- Born: December 30, 1903 Rio de Janeiro, Brazil
- Died: January 30, 1991 (aged 87) Rio de Janeiro, Brazil
- Writing career
- Notable work: "The Day of the Rational Culture"
- Notable awards: Medal of Honor of liberty (1986) Medal of Cultural Merit named after Jose Da Costa

= Manoel Jacintho Coelho =

Manoel Jacintho Coelho (December 30, 1903 – January 13, 1991) was a Brazilian writer and the founder of the religious movement Rational Culture.

== Life ==
Manoel Jacintho Coelho was born to a musician family in Rio de Janeiro. His father, Manoel, was a conductor and his mother, Rosa Maria, was a piano teacher. When he was thirteen, Manoel Jacinto was already a guitarist. The seven-string guitar has become one of its specialties.

At the age of eighteen, he joined the Brazilian Army, the 1st Heavy Machine Gun Company at the Deodoro barracks in Rio de Janeiro.

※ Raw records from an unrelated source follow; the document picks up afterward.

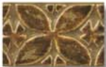
PC-61 [O] [T] Textured Amber
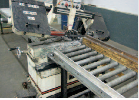
JET HORIZONTAL BANDSAW
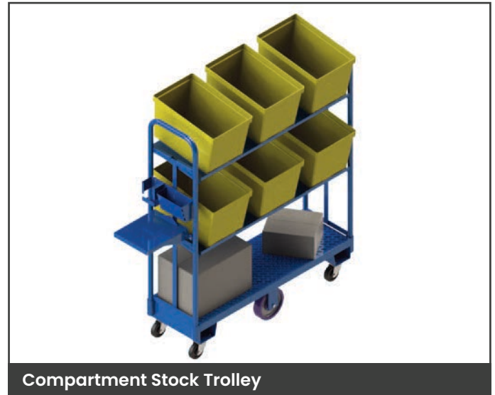
Compartment Stock Trolley
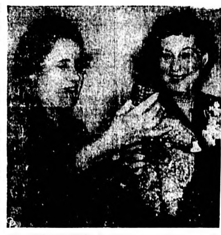
MRS. MAMIE EISENHOWER, wife of the President...
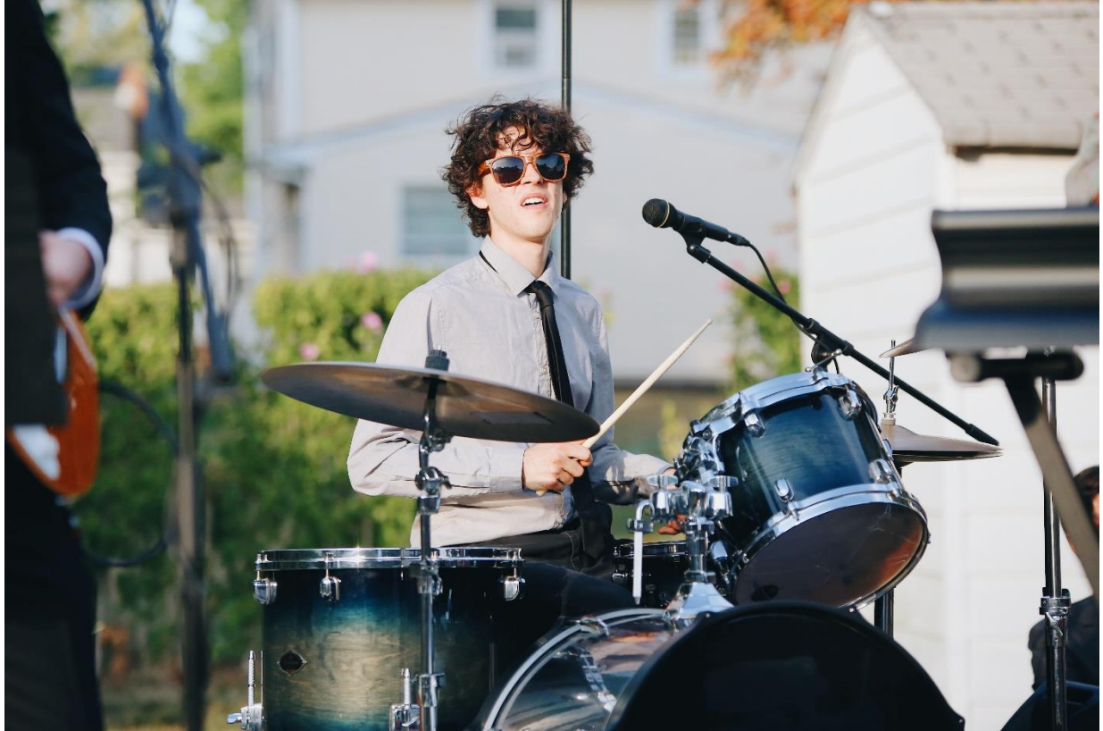
Live music

He worked for many years in the Ministry of Foreign Affairs, Itamaraty Palace, in Rio de Janeiro.

== Career ==
On October 4, 1935, he began the elaboration of the Rational Culture composed of 1,000 volumes and entitled "Universe in Disenchantment", which he would only conclude on December 5, 1990, shortly before his death. The books were divided into five parts:
- 1st - Work, composed of 21 volumes,
- 2nd - Replica, composed of 21 volumes,
- 3rd - Replica, composed of 21 volumes,
- 4th - Historic, composed of 934 volumes and
- 5th - Amarelões, composed of 3 volumes edited between 1935 and 1938.

===Courses===
The sixty-nine courses (subjects) covered by his encyclopedia are divided into two categories: those known to humanity, and those still unknown to humanity.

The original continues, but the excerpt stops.